I dati dello studio Eumetra
La ricerca, condotta su oltre duemila intervistati, dimostra che sta crescendo il sentimento di esclusione degli italiani nei confronti dei messaggi pubblicitari e rende urgente ripensare linguaggi, immagini e scenari offerti ai diversi target demografici. Le aziende che comprendono questa distanza, sottolinea lo studio, possono trasformarla in un’opportunità: colmare il gap di rappresentazione significa costruire connessioni più autentiche con consumatori che chiedono visibilità e rispetto per la loro identità.

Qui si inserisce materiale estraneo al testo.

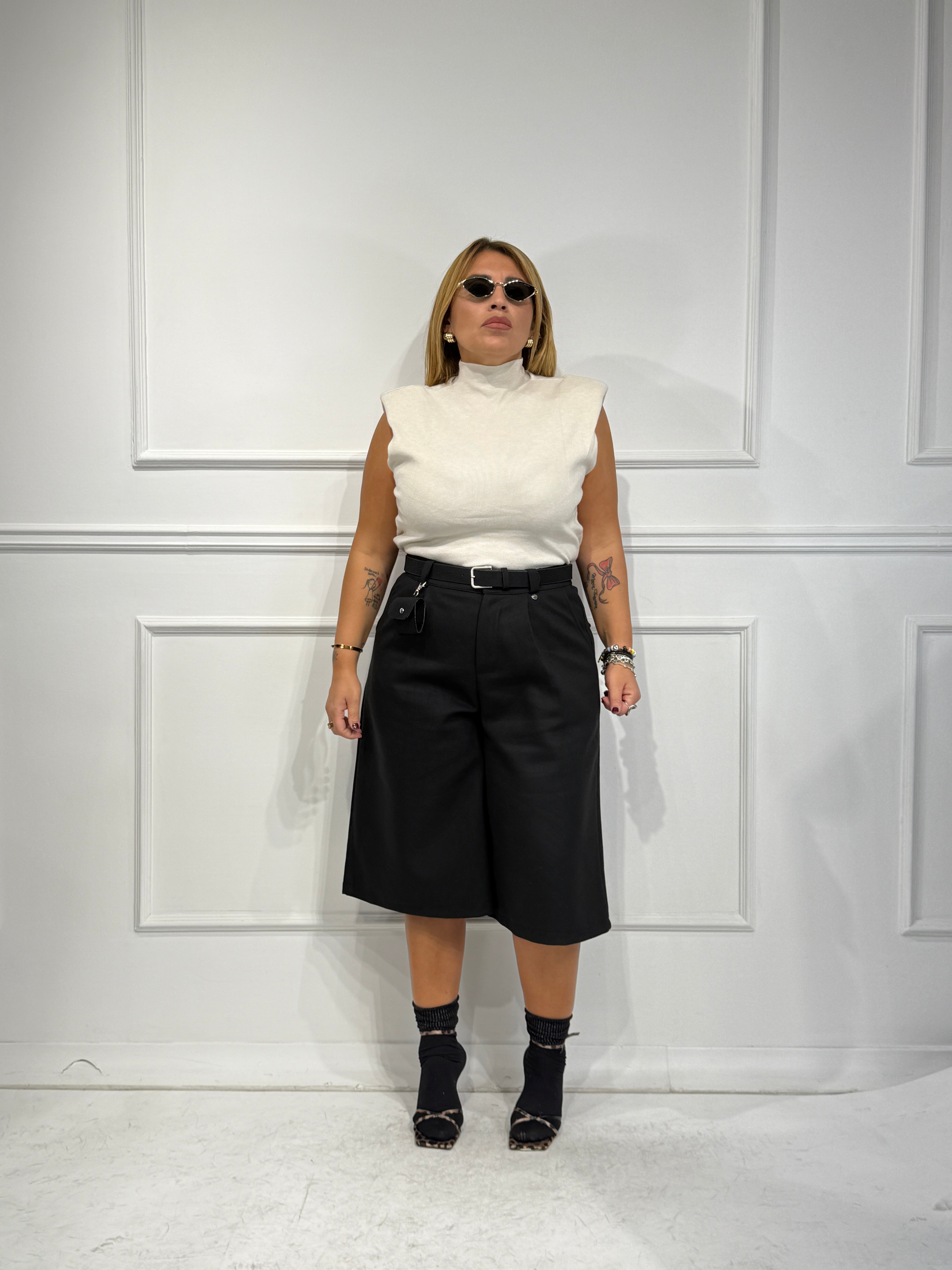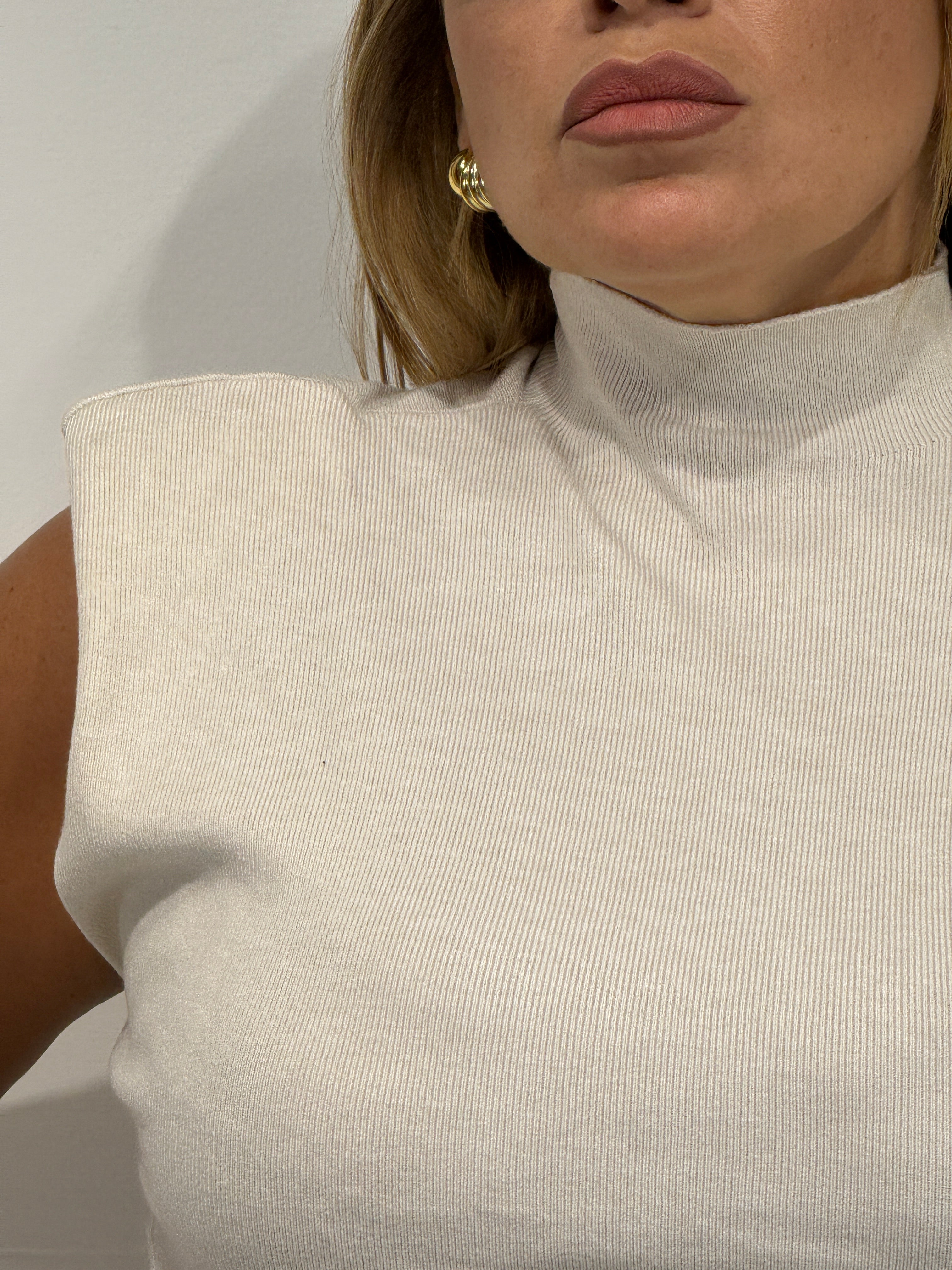 Maglia a costine mezzo collo con spalline taglia unica veste fino ad una 48.

“Le persone sono sempre più attente a ciò che le aziende comunicano, e non si accontentano più di messaggi dichiarativi o simbolici. Vogliono coerenza tra parole, azioni e valori – ha dichiarato Matteo Lucchi, Ceo di Eumetra – Per questo abbiamo sviluppato un modello che non si limita a misurare la memorabilità o l’apprezzamento di un contenuto di comunicazione, ma ne analizza la capacità di essere inclusivo, autentico e allineato ai principi della Diversity, Equity & Inclusion. La DE&I non è più una questione etica: è una leva competitiva. Comunicare bene questi temi significa generare valore, fiducia, reputazione e attrattività”.

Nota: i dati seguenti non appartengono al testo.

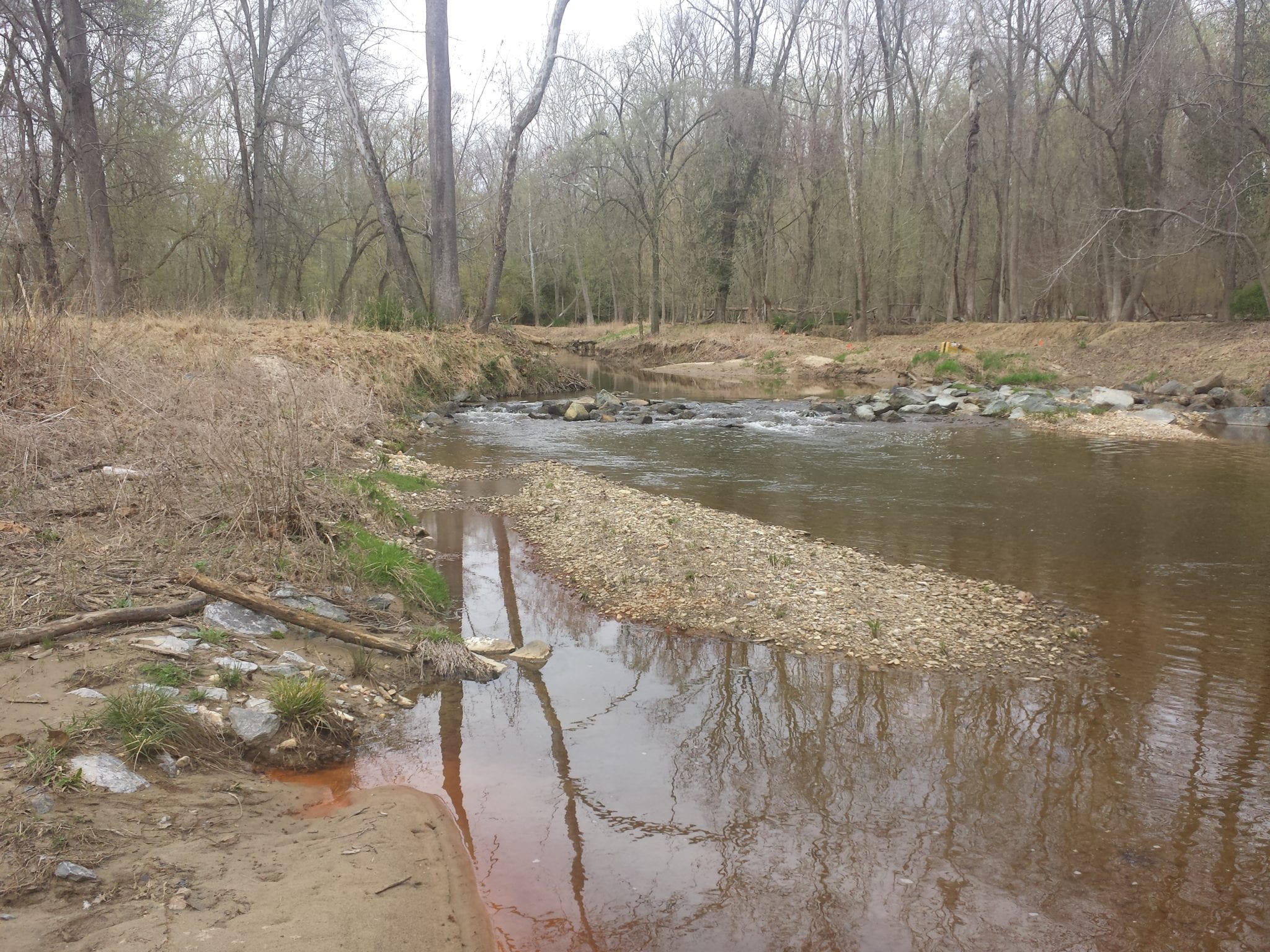 - Next, material from the streambed was placed on top of the mat system in the form of constructed riffles to dissipate stream velocity.
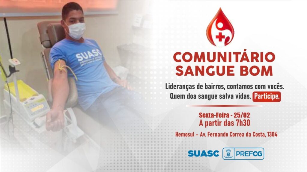 A Prefeitura Municipal de Campo Grande, por meio da Subsecretaria Municipal de Articulação Social e Assuntos Comunitários – SUASC, realizará campanha e doação de sangue “Comunitário Sangue Bom”, no dia 25 de fevereiro, das 7:30 às 12h. A campanha tem como objetivo sensibilizar os mais de 100 servidores, suas famílias e as lideranças comunitárias sobre a importância da doação de sangue.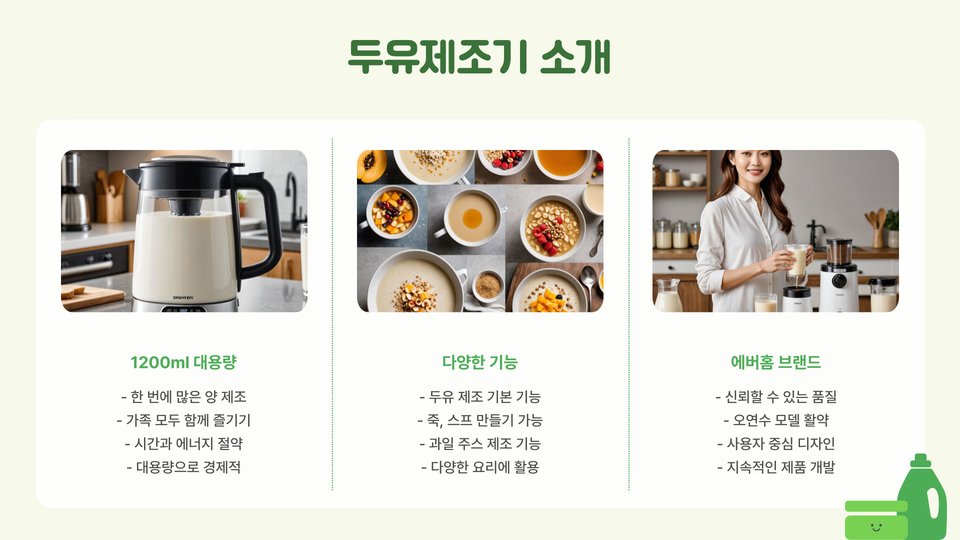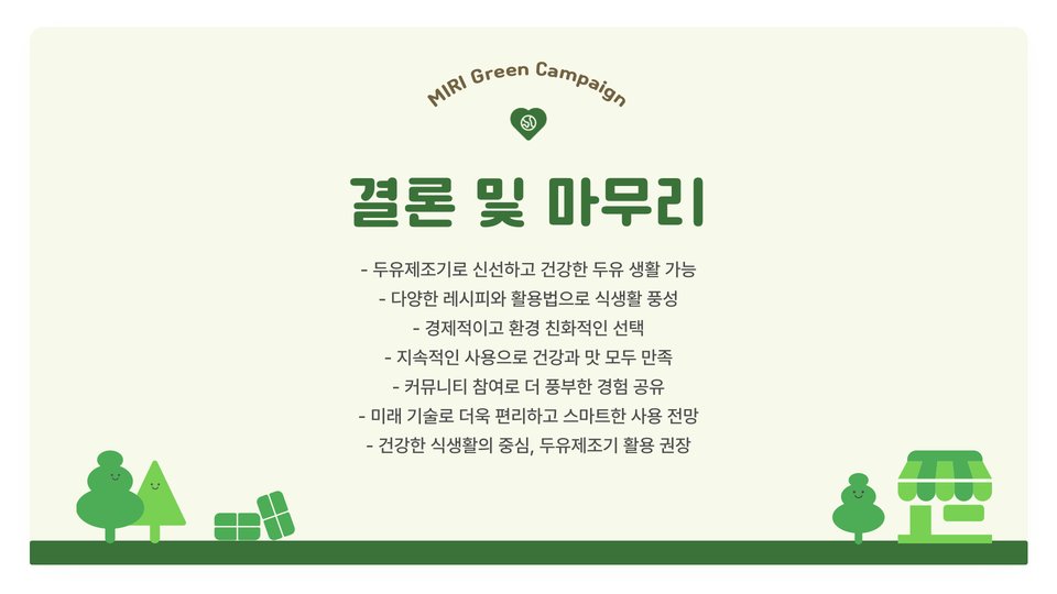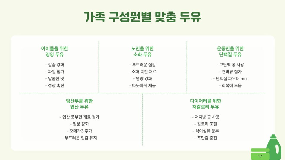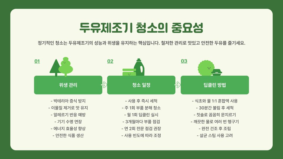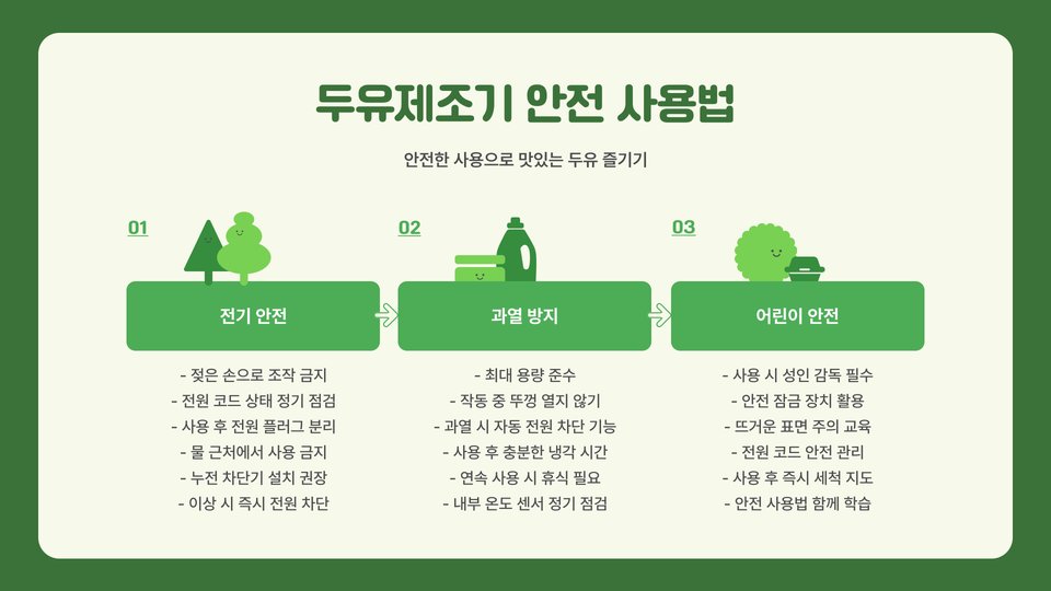 결론적으로, 두유만드는기계는 건강에 관심이 많은 현대인들에게 매우 유용한 도구입니다. 기계를 통해 집에서도 손쉽게 신선한 두유를 만들고, 다양한 레시피에 활용하여 건강한 식습관을 유지할 수 있습니다. 또한, 이 기계를 통해 가족과 함께 건강한 간식을 만들어보는 경험은 더욱 풍성하고 기분 좋은 시간을 선사할 것입니다. 건강한 두유를 직접 만들며 더 나은 삶을 지향해보세요!

I cinque pilastri della pubblicità per gli italiani
Oltre alla rappresentazione, il pubblico valuta ogni campagna sulla base di cinque criteri fondamentali: la coerenza, l’inclusività, il rispetto, il valore e l’empatia.

La predominanza della coerenza segnala come il pubblico non si accontenti di semplici dichiarazioni d’intenti: cerca un legame saldo e credibile tra ciò che i brand promettono e ciò che effettivamente realizzano. Accanto a questo, il valore attribuito all’inclusività reale e al rispetto conferma l’urgenza di campagne che non limitino l’attenzione alla superficie, ma si traducano in pratiche concrete e narrative autentiche. L’empatia, pur risultando il criterio meno citato, rimane comunque cruciale per instaurare un rapporto duraturo con consumatori che desiderano sentirsi non solo rappresentati, ma anche compresi e considerati.
Implementare questi cinque pilastri in modo integrato consente alle aziende di superare la semplice adesione formale alla Dei, trasformando le dichiarazioni di intenti in risultati misurabili sul fronte della reputazione e della relazione con i consumatori. L’impatto cambia a seconda dei settori, come evidenziamo in questo grafico:

Le aziende e la parità di genere
La ricerca “Generi e Generazioni allo specchio” di Eumetra evidenzia come gli italiani ritengano ancora insufficiente l’impegno delle imprese per la parità di genere. Solo il 7% delle donne e il 15% degli uomini ritiene che le aziende compiano azioni tangibili per la parità, mentre il 35% delle donne e il 28% degli uomini giudica questi sforzi come mera operazione di facciata.
Allo stesso tempo, la domanda di maggiore coinvolgimento resta alta: il 62% delle donne e il 39% degli uomini desidera un impegno più robusto sui temi di genere. Questo scarto tra percezione e aspettativa rappresenta un terreno fertile per progetti concreti di Diversity & Inclusion, capaci di restituire autenticità alle promesse aziendali.
Il 54% degli intervistati ritiene che un impegno credibile su questi aspetti migliori il benessere e il coinvolgimento dei dipendenti e per il 49% questo impegno aiuta a creare ambienti lavorativi più inclusivi e collaborativi. Infine, Infine, il 40% delle donne intervistate riconosce che affrontare seriamente questi temi ha un impatto diretto sulla reputazione aziendale, e valore per la società, ma la percentuale cala al 29% tra gli uomini.